Still, even as rooftops groan and wires lie broken, Kashmiri winter carries its own warmth in memory and ritual. From hundreds of miles away I find myself longing for namkeen chai—the salty pink tea made with green tea, baking soda, milk, and cardamom, poured steaming from a samovar and sipped beside the gentle heat of a kangri tucked inside a pheran. I miss Rogan Josh, that slow-cooked lamb curry fragrant with fennel, ginger, and Kashmiri red chilli, its colour as deep as the emotion behind it. I miss the quiet comfort of Aloo Haakh and Wangan Haakh—potatoes and greens, or eggplant, simmered simply yet perfectly with asafoetida and green chilli. And most of all I miss Harisa on freezing mornings: that rich, overnight-cooked porridge of mutton, wheat, and spices that arrives like a warm embrace.

There is something special about winter food in Kashmir.

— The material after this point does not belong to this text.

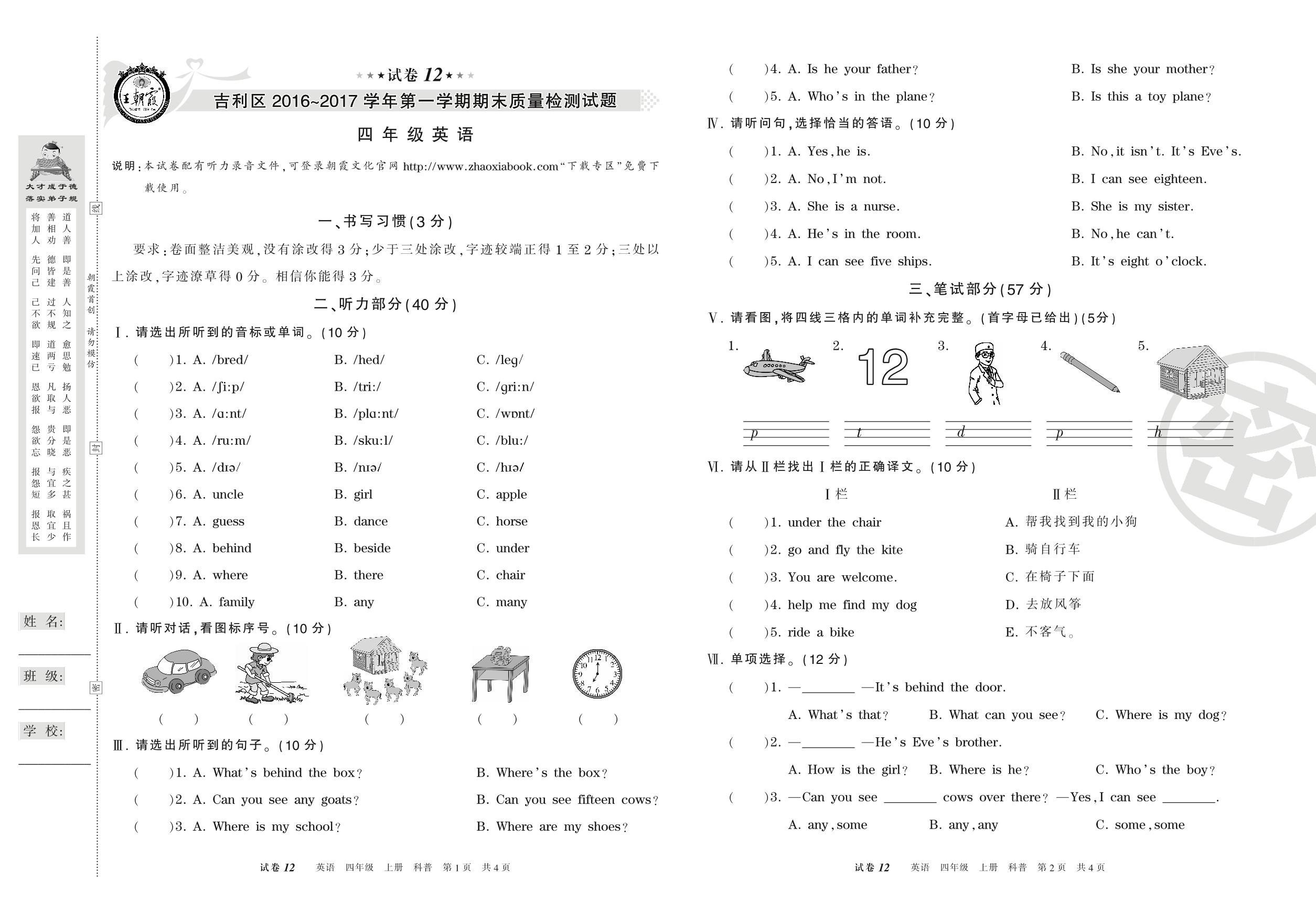 2016-2017学年第一学期洛阳市吉利区四年级英语试卷(科普版)【12】

The cold outside makes every flavour inside more intense, more necessary, more full of meaning. These dishes are not just meals; they are stories—of grandmothers stirring pots at dawn, of families gathered around the fire, of laughter echoing against the sound of wind outside. They are tradition served on a plate, memory tasted with every bite.

Snow in Kashmir is many things at once. For farmers it is hope stored in glaciers and rivers. For children it is joy—snowmen, snowball fights, red cheeks, and wet mittens. For poets and dreamers it is inspiration, lines of longing written by lamplight. And for those of us living away, it is a bittersweet ache, a homesickness that sharpens with every photograph of fresh powder on the news.

I close my eyes and imagine it: the soft crunch underfoot, the clean scent of pine and woodsmoke in the air, the warmth of namkeen chai cradled in my palms, the aroma of spices drifting from the kitchen. I see Kashmir glowing beneath its crown of snow, quiet, patient, and impossibly beautiful.

Kashmir, you are more than a place. You are feeling, flavour, memory, and prayer. Snow may bend roofs and break lines, but it cannot touch your spirit. Winters may be harsh, yet your magic endures—resilient, timeless, and waiting.

Someday soon, inshallah, I will come home—to your snowfall, your food, your warmth, and the love that has never left.